Positif en lettres de Lumière

La revue née il y a 60 ans à Lyon, est désormais éditée par Acte Sud et l'Institut Lumière où le Prix Bernard Chardère a été remis à Jean-Jacques Bernard

Soixante ans après sa création à Lyon, la revue Positif n’a rien perdu de son esprit frondeur…Ecartant « tous les soupçons de connivence » avec le lauréat du Prix Bernard Chardère, un « ventre jaune » bressan originaire comme lui du « premier département de France », le fondateur de la Revue Positif a célébré trois événements en un seul à L’Institut Lumière.

La remise du Prix Bernard Chardère , tout d’abord, à un lauréat « disposant de peu d’archives, car il écrit peu mais bien », s’est amusé le père de Positif en récompensant le journaliste et réalisateur Jean-Jacques Bernard. Après avoir créé l’émission Histoires Courtes sur France 2, ce « prince des critiques » fut aussi éditorialiste au magazine Première et chroniqueur à France Inter, avant de réaliser de nombreux documentaires sur le cinéma.

Tout en animant la chaine Ciné+Classic du groupe Canal+, Jean-Jacques Bernard préside aujourd’hui le Syndicat Français de la critique de cinéma et de télévision : « Il n’a qu’un mot à dire…et les rotatives s’arrêtent », glisse Bernard Chardère à l’oreille de Jean-Jacques Bernard, auteur par ailleurs, d’un vrai livre de chevet de cinéphile. Publié chez Folio, son Petit Eloge du cinéma d’aujourd’hui en redessine avec humour la carte aux trésors . « Autrefois, écrit-il, chaque film nous constituait de façon intime. Désormais , il participe de la superconnexion neuronale qui n’oublie rien et s’alimente au grand tout numérisé. »

« Le cinéma d’hier convoque les écrivains d’aujourd’hui »

Si « notre impatience à zapper est tout entière au service des serveurs, au fond le pixel n’a rien changé à nos affects. »La magie du passage des émotions de la rue à l’écran demeure intacte, il semblerait bien d’ailleurs selon Jean-Jacques Bernard, que « plus le cinéma d’hier s’éloigne, plus il convoque les écrivains d’aujourd’hui . »On comprend qu’à soixante ans, la revue Positif née en 1952 de la passion pour le 7ème Art de quatre étudiants en Khâgne du Lycée du Parc de Lyon, n’ait pas pris une ride.

L’aventure de Positif a commencé quelques mois après Les Cahiers du Cinéma, auxquels elle s’est souvent opposée, « avec une bande d’auteurs indisciplinés réunis tous les dimanches soir pour donner le ton de l’une des plus grandes revues de cinéma du monde » rappelle Thierry Frémaux, directeur de l’Institut Lumière, délégué général du Festival de Cannes , au côté de Bertrand Tavernier, président de l’Institut Lumière, dont la signature a souvent côtoyé celle de Bernard Chardère dans la revue Positif.

L’objectif de son premier rédacteur en chef ? « Démontrer qu’à l’image des siècles passés, les films avaient aussi une histoire, une esthétique et pouvaient soutenir la comparaison. Nous, nous étions un peu naïfs et juvéniles, mais plus encore scandalisés de ne pas voir le cinéma pris au sérieux…Je crois qu’il y avait aussi quelques revendications d’identité provinciale, nous voulions exister dans une grande ville autre que Paris. »
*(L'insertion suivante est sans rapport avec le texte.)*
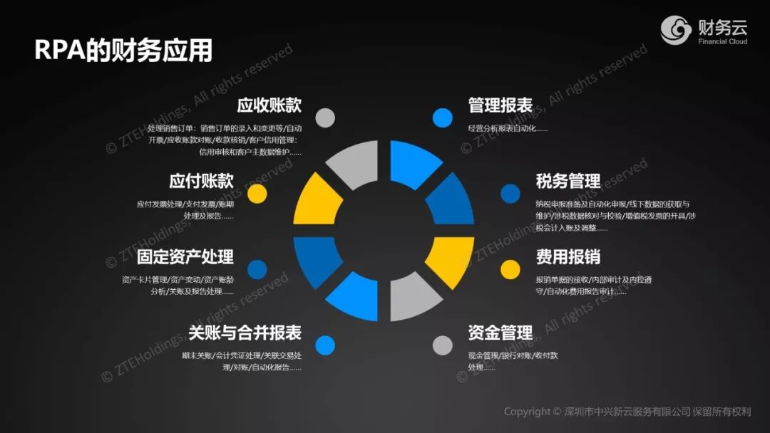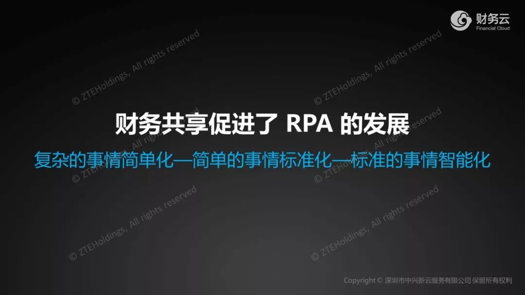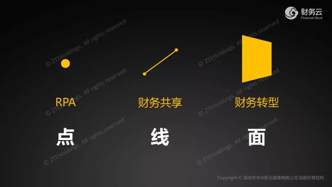 RPA是点,共享服务中心是线,那么更高级别的是什么呢?是财务转型再造。实现共享服务、业务财务、战略财务对于公司经营和战略的全面支撑,只有点、线、面相结合,财务部门才能发挥应有的价值。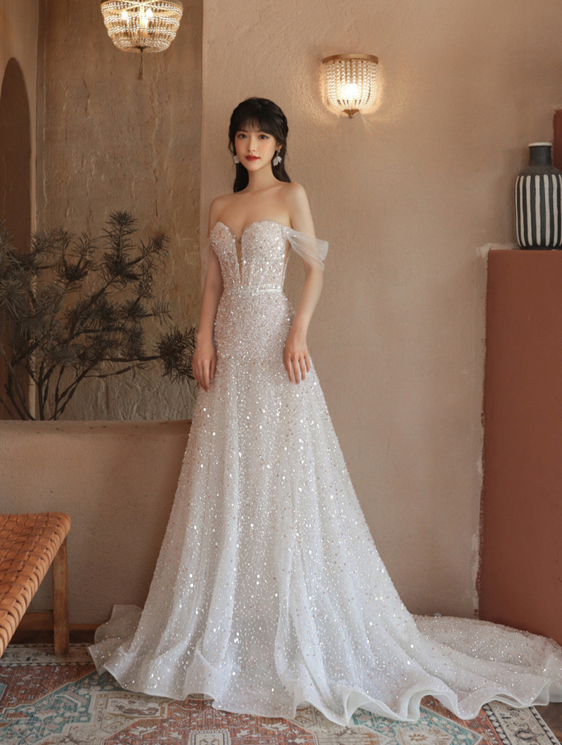 Straight Shoulder Light Lavish Wedding Dress 2022 New Sensuo Princess Super Fairy Dream Luxury luxury Engagement Banquet Evening Dress

Tilda Swinton à la « une » d’octobre

Mission accomplie pour Positif. Soixante ans après sa création, la revue est de retour dans sa ville natale, par les grandes portes de l’Institut Lumière et d’Acte Sud qui la coéditent désormais. « Une cinémathèque et une maison d ‘édition s’unissent pour ouvrir une nouvelle ère de l’histoire culturelle du temps présent avec des critiques cinématographiques généreux, drôles et érudits », déclare Thierry Frémaux entouré de l’historien Raymond Chirat, de Michel Ciment , Jean-Paul Capitani, respectivement directeur de Positif et d’Acte Sud, des journalistes N.T. Binh et Hubert Niogret. Entre autres signatures de la revue Positif d’octobre où l’on découvre un portrait original de l’actrice Tilda Swinton, à l’occasion de la sortie de We Need to talk about Kevin de Lynne Ramsay.